◆ **Description of the task**
Pictures excluded, return the lines below from the first through the line holding "GDBWin is a".

===== Provided data

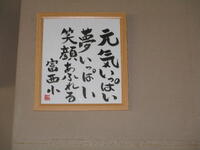 これは,以前,富西小に勤務されていた教頭先生(その後,市内他校の校長先生としてご退職)が考えたスローガンです。目指す学校の姿として,代々引き継がれています。過日,スローガンを考えてくださった方に「直筆で書いていただいたものを教室に掲示したい。」とお願いしたところ,快く引き受けてくださり,先日各教室に掲示をすることができました。我々教職員も,スローガンに込められた願いを胸に秘めながら,子どもたちのために日々精進してまいります。
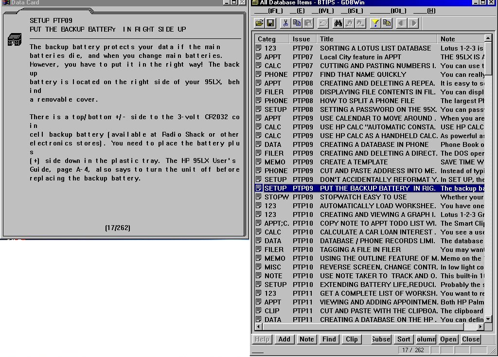 GDBWin is a program for Windows (9x/NT/2000) that lets you access GDB, NDB, and PDB files created on the HP 100/200LX. It doesn't work with Appointment Book or World Time files. The program will let you view and edit information in the database files. It will let you add or delete category words and subsets. However it will not let you create or modify a database. You must create custom databases on the Palmtop (or in CPack) before they can be accessed with GDBWin. As a result the program is of use only to owners of the HP 100/200LX Palmtops.
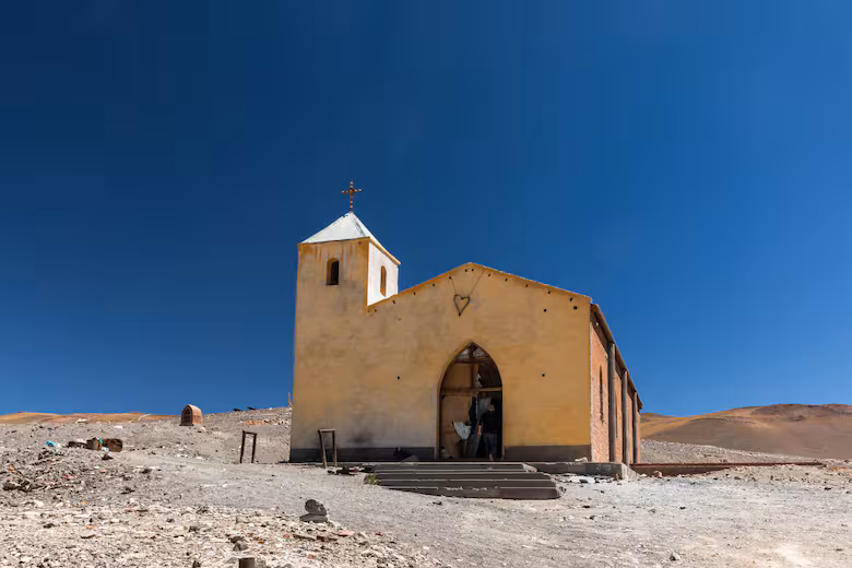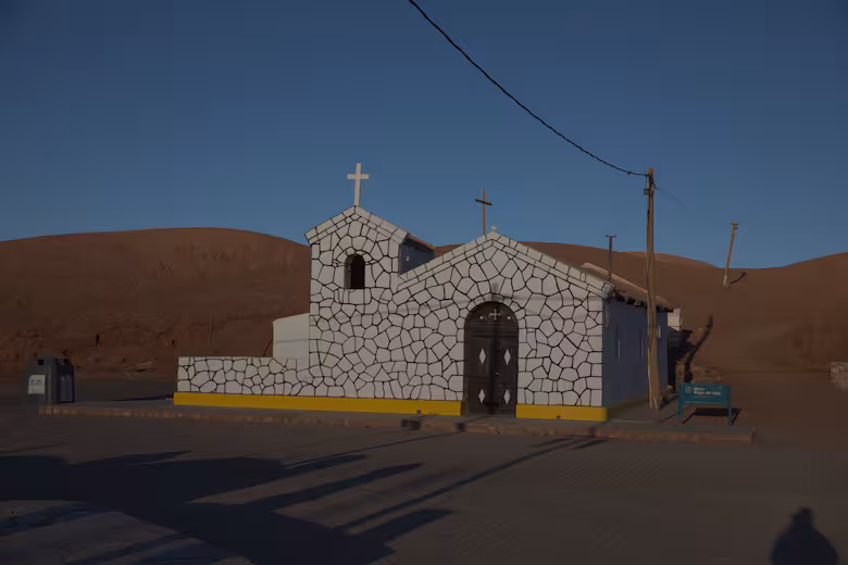 Una vicuña cruza corriendo el pueblo habitado hoy sólo por pequeñas aves que buscan comida entre los escombros. La iglesia fue reconvertida en un improvisado refugio (llamado “Refugio del Peregrino”), donde sus eventuales visitantes dejan mensajes, estampitas y dibujan santos en las paredes. La imagen de la Virgen de Fátima custodia el lugar, una pintura firmada por “Azufredo”, en 2013. En un cuaderno Éxito de tapa dura amarilla, hay cientos de mensajes desde el 22 de noviembre de 2021. El primero dice: “Centro de Azufreros, presente. Danos tu bendición”. Hay firmas de todo el mundo: Italia, Austria, Estados Unidos. Abajo, otro libro de tapa dura roja contiene mensajes desde 2011, que arranca con una frase: “Juntos en un mismo camino”.
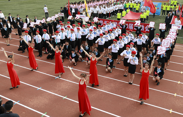 文体表演环节,来自泉州校区各学院的400余名同学在操场中央表演排舞节目《让世界听我的》,动感的音乐点燃了赛场的气氛,整齐划一的动作和饱满的精神状态引来掌声阵阵。

==========

◆ **Solution for this problem**
 これは,以前,富西小に勤務されていた教頭先生(その後,市内他校の校長先生としてご退職)が考えたスローガンです。目指す学校の姿として,代々引き継がれています。過日,スローガンを考えてくださった方に「直筆で書いていただいたものを教室に掲示したい。」とお願いしたところ,快く引き受けてくださり,先日各教室に掲示をすることができました。我々教職員も,スローガンに込められた願いを胸に秘めながら,子どもたちのために日々精進してまいります。
 GDBWin is a program for Windows (9x/NT/2000) that lets you access GDB, NDB, and PDB files created on the HP 100/200LX. It doesn't work with Appointment Book or World Time files. The program will let you view and edit information in the database files. It will let you add or delete category words and subsets. However it will not let you create or modify a database. You must create custom databases on the Palmtop (or in CPack) before they can be accessed with GDBWin. As a result the program is of use only to owners of the HP 100/200LX Palmtops.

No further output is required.